TFO allows TCP to transfer data during a handshake, reducing the latency associated with the handshake. But it is also not secure. Although cookies are created using encryption algorithms that make it impossible for third parties to fake them, they do not prevent middlemen from obtaining cookies. After obtaining the Cookie, the middleman can send a large amount of data in the first handshake by forging the source IP address and port, causing server memory overflow and suspending service provision.
conclusion
The sender needs to include a connection requests information socket, random initial sequence number, window size, if the receiver did not reply within the prescribed time information, the sender will use the information before to launch a connection request, it launched a connection request for many times, but are all belong to the same connection (the number of retries is limited). If it is an artificial re-connection request, the sender will regenerate the connection information, i.e., a new socket, a new random initial sequence number, and a new window size. In this case, there will be two different connections. If there are only two handshakes, then one connection is useless, which wastes resources. And the sender can fake the source IP address, so the receiver is not connected to an actual sender at all.

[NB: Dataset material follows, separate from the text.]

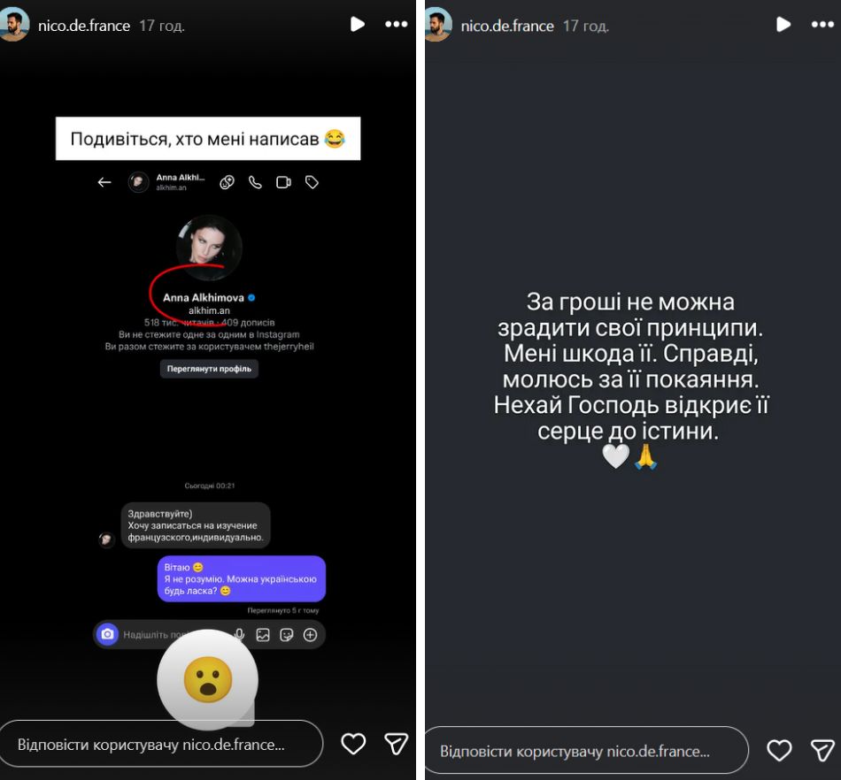 Об инциденте стало известно из Instagram Николя, который в соцсетях называет себя "украиноязычным французом" и "французом с украинской душой". Он опубликовал скриншот короткой переписки с Алхим, подчеркнув, что не готов поступаться собственными убеждениями даже за деньги.

Handshake is essentially the test network can be inaccessible, from the sender to send connection requests to the sender receives confirmation, it seems to the sender really proves that the network can reach and set up a connection, but, it seems, at the receiving end receives the connection request alone doesn’t show anything, because this connection requests may be the old connection request, the client already rolled off the production line, It can also be an invalid connection request or a forged IP address. From the perspective of the receiver, it also needs to confirm whether the network is reachable. Therefore, after receiving the confirmation, the sender needs to confirm the receiver to prove the network is reachable.